• _Records to use_:

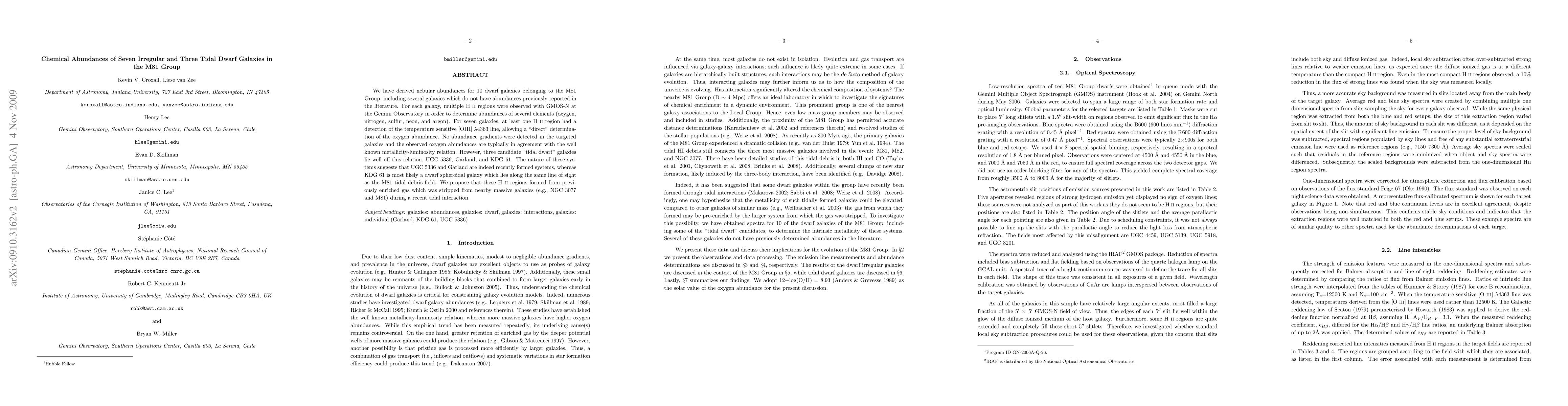 We have derived nebular abundances for 10 dwarf galaxies belonging to the M81 Group, including several galaxies which do not have abundances previously reported in the literature. For each galaxy, multiple H \ii regions were observed with GMOS-N at the Gemini Observatory in order to determine abundances of several elements (oxygen, nitrogen, sulfur, neon, and argon). For seven galaxies, at least one H \ii region had a detection of the temperature sensitive [OIII] $\lambda$4363 line, allowing a "direct" determination of the oxygen abundance. No abundance gradients were detected in the targeted galaxies and the observed oxygen abundances are typically in agreement with the well known metallicity-luminosity relation. However, three candidate "tidal dwarf" galaxies lie well off this relation, UGC 5336, Garland, and KDG 61. The nature of these systems suggests that UGC 5336 and Garland are indeed recently formed systems, whereas KDG 61 is most likely a dwarf spheroidal galaxy which lies along the same line of sight as the M81 tidal debris field. We propose that these H \ii regions formed from previously enriched gas which was stripped from nearby massive galaxies (e.g., NGC 3077 and M81) during a recent tidal interaction.
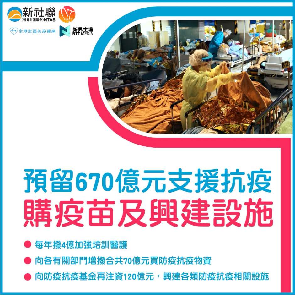 預留670憶元支援抗疫 購疫苗及興建設施
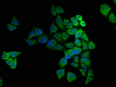Immunofluorescence staining of Hela cells with CSB-PA00414A0Rb at 1:166, counter-stained with DAPI. The cells were fixed in 4% formaldehyde, permeabilized using 0.2% Triton X-100 and blocked in 10% normal Goat Serum. The cells were then incubated with the antibody overnight at 4°C. The secondary antibody was Alexa Fluor 488-congugated AffiniPure Goat Anti-Rabbit IgG(H+L).
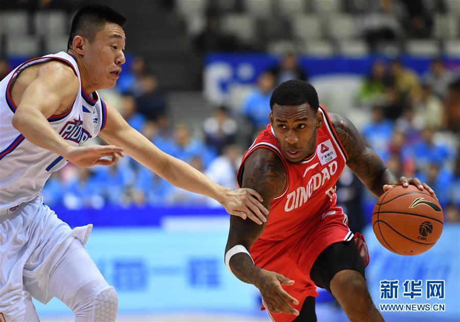 12月22日,青岛国信双星队球员亚当斯(右)在比赛中运球突破。 当日,在2019-2020中国男子篮球职业联赛(CBA)常规赛第20轮比赛中,青岛国信双星队客场以127比103战胜天津先行者队。 新华社记者李然摄
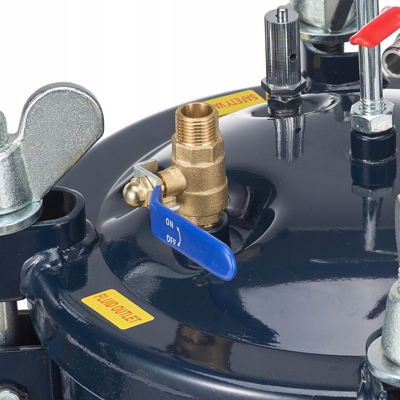 Емкость напорного бака составляет 2,5 галлона/10 л, диаметр входного и выходного отверстия 1/4 дюйма/0,64 см и диаметр выхода жидкости 3/8 дюйма/0,95 см. Вмещает больше красок или небольшие модели из смолы, что повышает эффективность покраски.
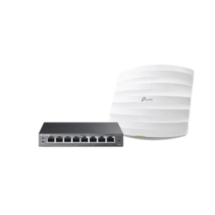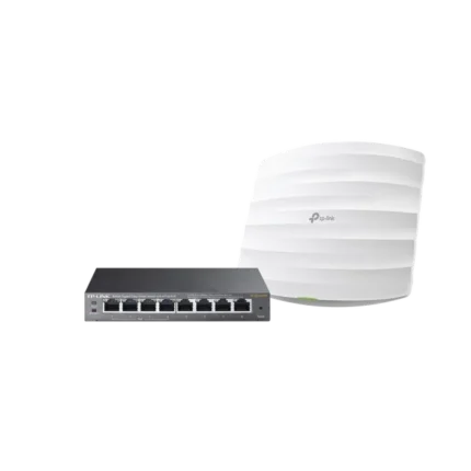 Kit de access point EAP245 y switch PoE TL-SG108PE, doble banda AC, hasta 1750 Mbps, 1 puerto Gigabit
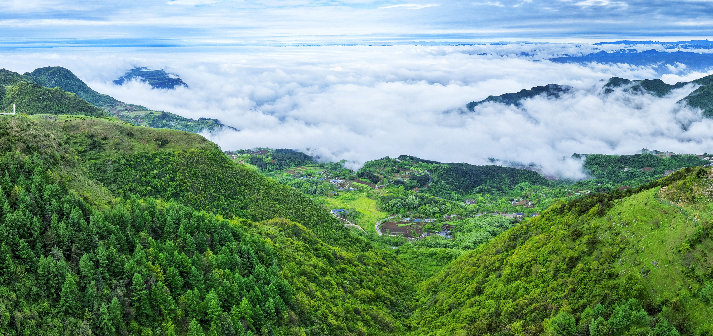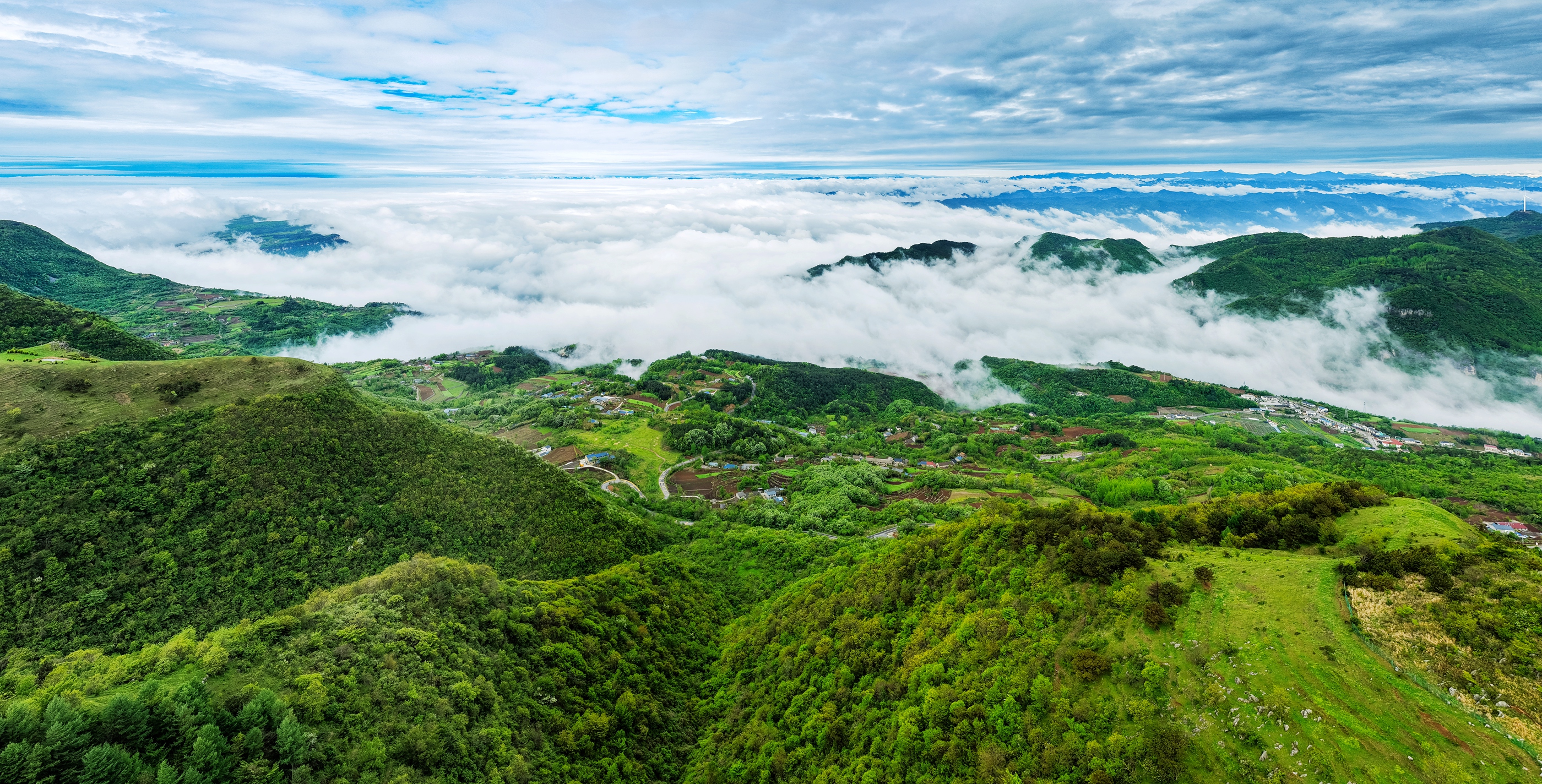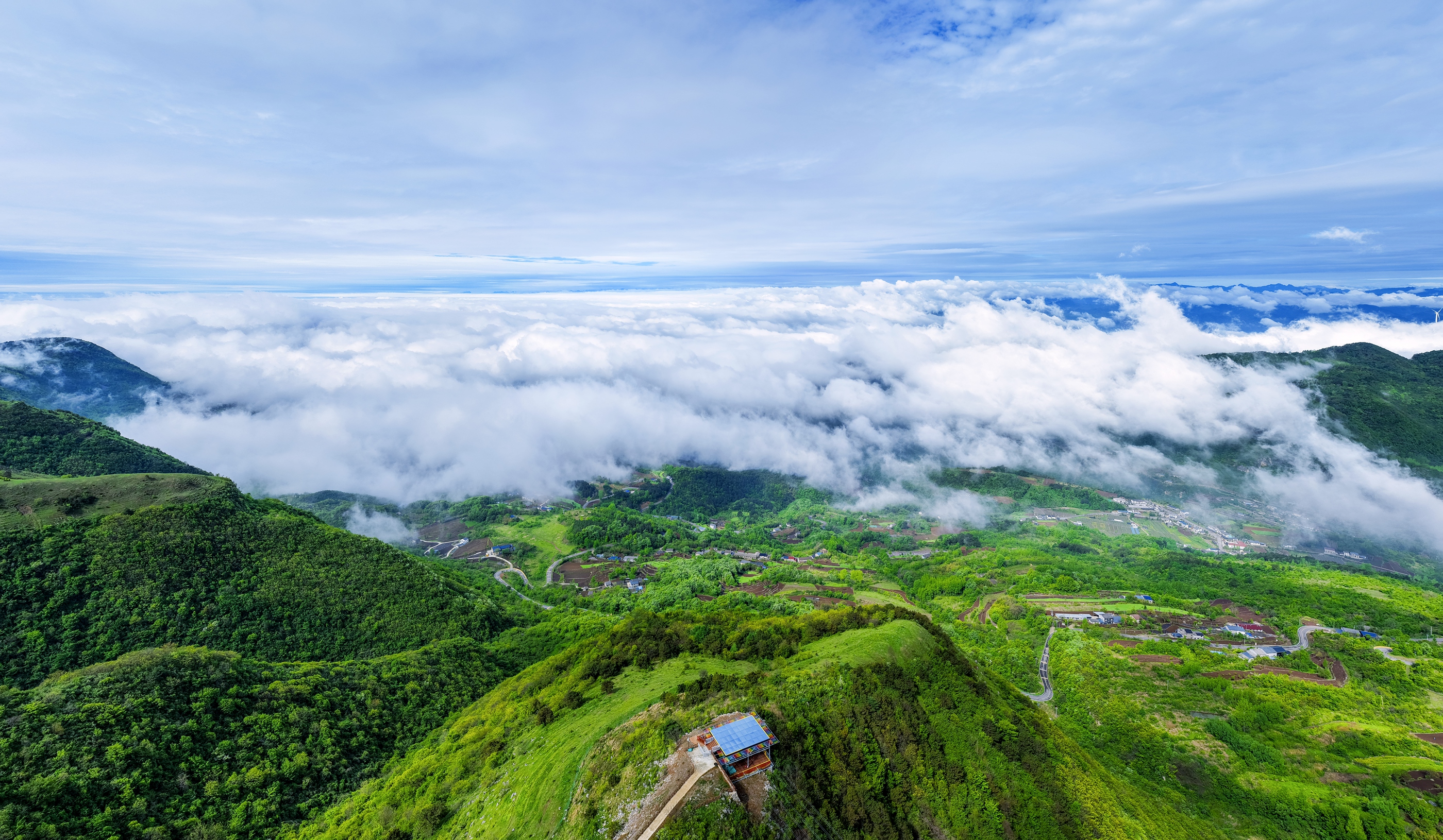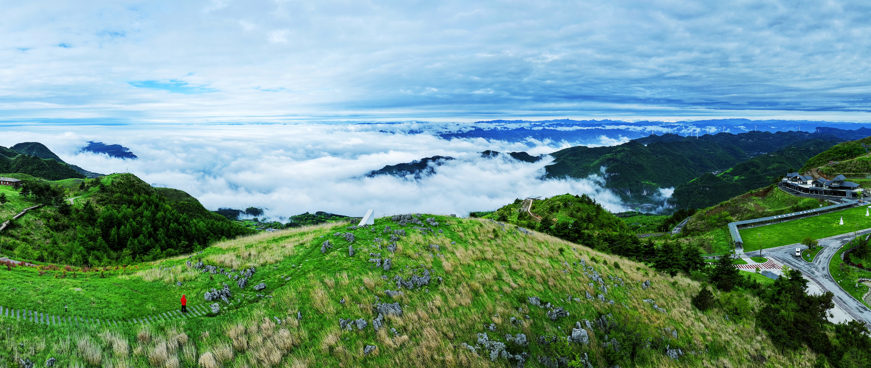 4月22日,降雨停歇后,宜昌百里荒景区呈现出云海景观,与山下浓雾缭绕形成鲜明对比,渐变新绿的高山草原与翻涌云海相映成趣,构成一幅绝美的生态画卷。
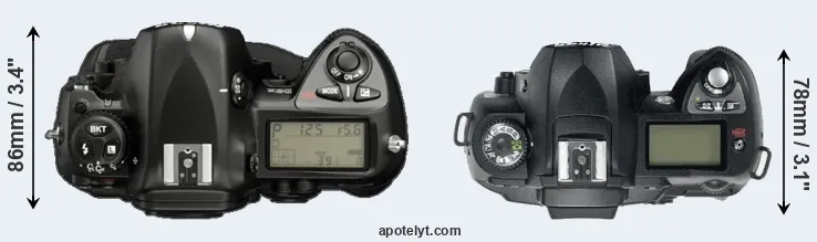 The physical size and weight of the Nikon D2X and the Nikon D70 are illustrated in the side-by-side display below. The two cameras are presented according to their relative size. Three consecutive views from the front, the top, and the rear side are shown. All width, height and depth dimensions are rounded to the nearest millimeter.
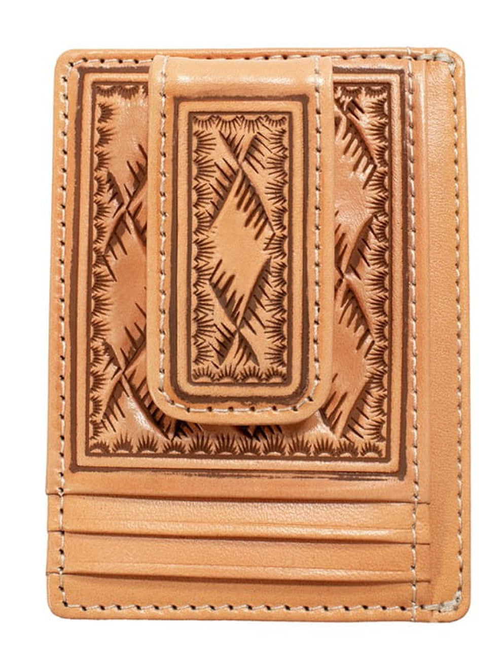Nocona Mens Natural Leather Basket Weave Embossed Money Clip Wallet
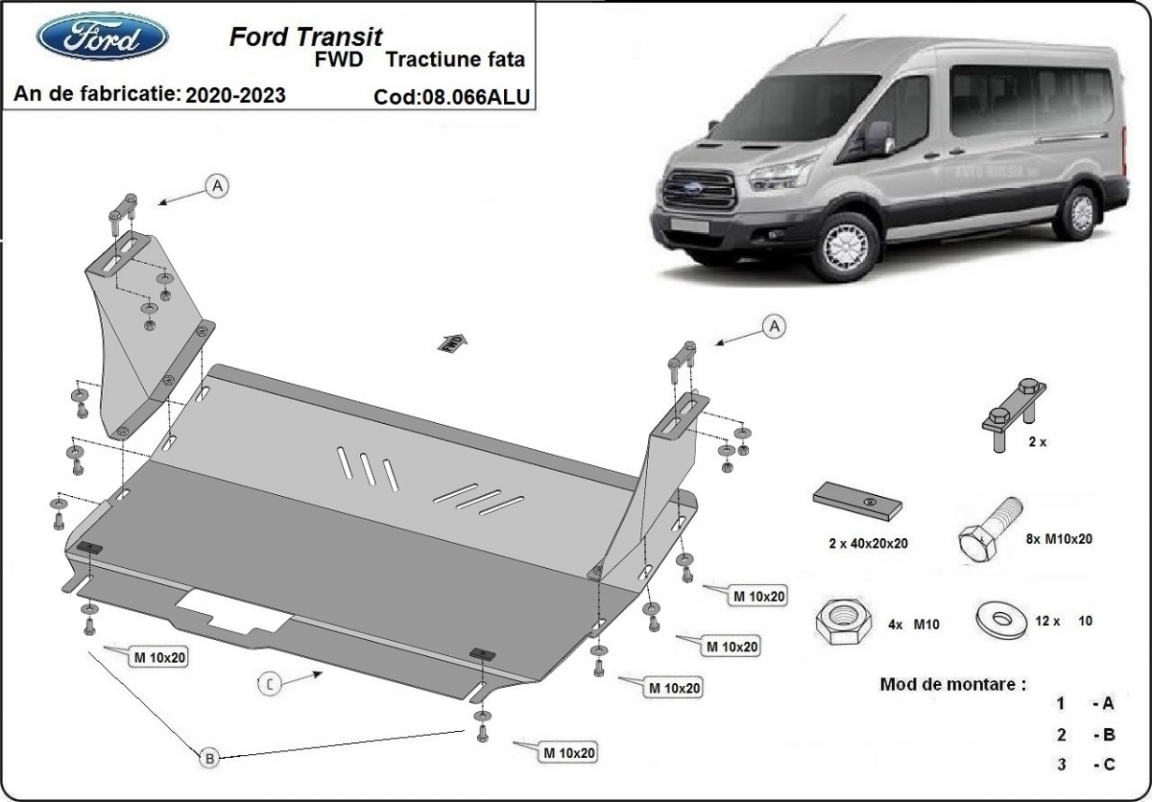 Voor de bescherming van: motor, versnellingsbak, radiator, voorbumper De motor beschermplaat is nieuw en past perfect bij alle versies van Ford Transit geproduceerd tussen 2020 en 2023. Gemaakt van 3 mm dikke Aluminiumplaat. De schilden zijn van aluminium, maar de bevestigingssteunen zijn van staal. Schroeven, moeren, alle bevestigingsaccessoires zijn inbegrepen. Alle carterbeschermplaten zijn poedergecoat, om corrosie te vermijden. De buitenkant van de carterbeschermplaten heeft staalversterkingen, waardoor de weerstand tegen impact wordt verhoogd. |
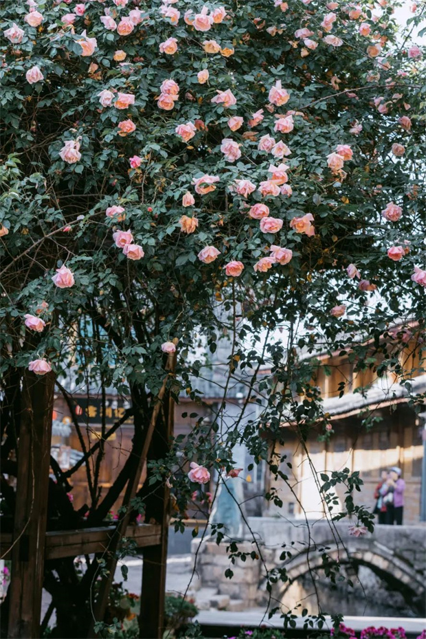 每當(dāng)花開時(shí)節(jié),“麗江之路”便會(huì)以一種近乎囂張的方式展現(xiàn)自己的美麗——它可以爬高十幾米,覆蓋整面墻壁或爬滿整

• _Prompt_: Output every record verbatim, excluding any picture it contains.

• _Expected output_:
 We have derived nebular abundances for 10 dwarf galaxies belonging to the M81 Group, including several galaxies which do not have abundances previously reported in the literature. For each galaxy, multiple H \ii regions were observed with GMOS-N at the Gemini Observatory in order to determine abundances of several elements (oxygen, nitrogen, sulfur, neon, and argon). For seven galaxies, at least one H \ii region had a detection of the temperature sensitive [OIII] $\lambda$4363 line, allowing a "direct" determination of the oxygen abundance. No abundance gradients were detected in the targeted galaxies and the observed oxygen abundances are typically in agreement with the well known metallicity-luminosity relation. However, three candidate "tidal dwarf" galaxies lie well off this relation, UGC 5336, Garland, and KDG 61. The nature of these systems suggests that UGC 5336 and Garland are indeed recently formed systems, whereas KDG 61 is most likely a dwarf spheroidal galaxy which lies along the same line of sight as the M81 tidal debris field. We propose that these H \ii regions formed from previously enriched gas which was stripped from nearby massive galaxies (e.g., NGC 3077 and M81) during a recent tidal interaction.
 預留670憶元支援抗疫 購疫苗及興建設施
Immunofluorescence staining of Hela cells with CSB-PA00414A0Rb at 1:166, counter-stained with DAPI. The cells were fixed in 4% formaldehyde, permeabilized using 0.2% Triton X-100 and blocked in 10% normal Goat Serum. The cells were then incubated with the antibody overnight at 4°C. The secondary antibody was Alexa Fluor 488-congugated AffiniPure Goat Anti-Rabbit IgG(H+L).
 12月22日,青岛国信双星队球员亚当斯(右)在比赛中运球突破。 当日,在2019-2020中国男子篮球职业联赛(CBA)常规赛第20轮比赛中,青岛国信双星队客场以127比103战胜天津先行者队。 新华社记者李然摄
 Емкость напорного бака составляет 2,5 галлона/10 л, диаметр входного и выходного отверстия 1/4 дюйма/0,64 см и диаметр выхода жидкости 3/8 дюйма/0,95 см. Вмещает больше красок или небольшие модели из смолы, что повышает эффективность покраски.
 Kit de access point EAP245 y switch PoE TL-SG108PE, doble banda AC, hasta 1750 Mbps, 1 puerto Gigabit
 4月22日,降雨停歇后,宜昌百里荒景区呈现出云海景观,与山下浓雾缭绕形成鲜明对比,渐变新绿的高山草原与翻涌云海相映成趣,构成一幅绝美的生态画卷。
 The physical size and weight of the Nikon D2X and the Nikon D70 are illustrated in the side-by-side display below. The two cameras are presented according to their relative size. Three consecutive views from the front, the top, and the rear side are shown. All width, height and depth dimensions are rounded to the nearest millimeter.
Nocona Mens Natural Leather Basket Weave Embossed Money Clip Wallet
 Voor de bescherming van: motor, versnellingsbak, radiator, voorbumper De motor beschermplaat is nieuw en past perfect bij alle versies van Ford Transit geproduceerd tussen 2020 en 2023. Gemaakt van 3 mm dikke Aluminiumplaat. De schilden zijn van aluminium, maar de bevestigingssteunen zijn van staal. Schroeven, moeren, alle bevestigingsaccessoires zijn inbegrepen. Alle carterbeschermplaten zijn poedergecoat, om corrosie te vermijden. De buitenkant van de carterbeschermplaten heeft staalversterkingen, waardoor de weerstand tegen impact wordt verhoogd. |
 每當(dāng)花開時(shí)節(jié),“麗江之路”便會(huì)以一種近乎囂張的方式展現(xiàn)自己的美麗——它可以爬高十幾米,覆蓋整面墻壁或爬滿整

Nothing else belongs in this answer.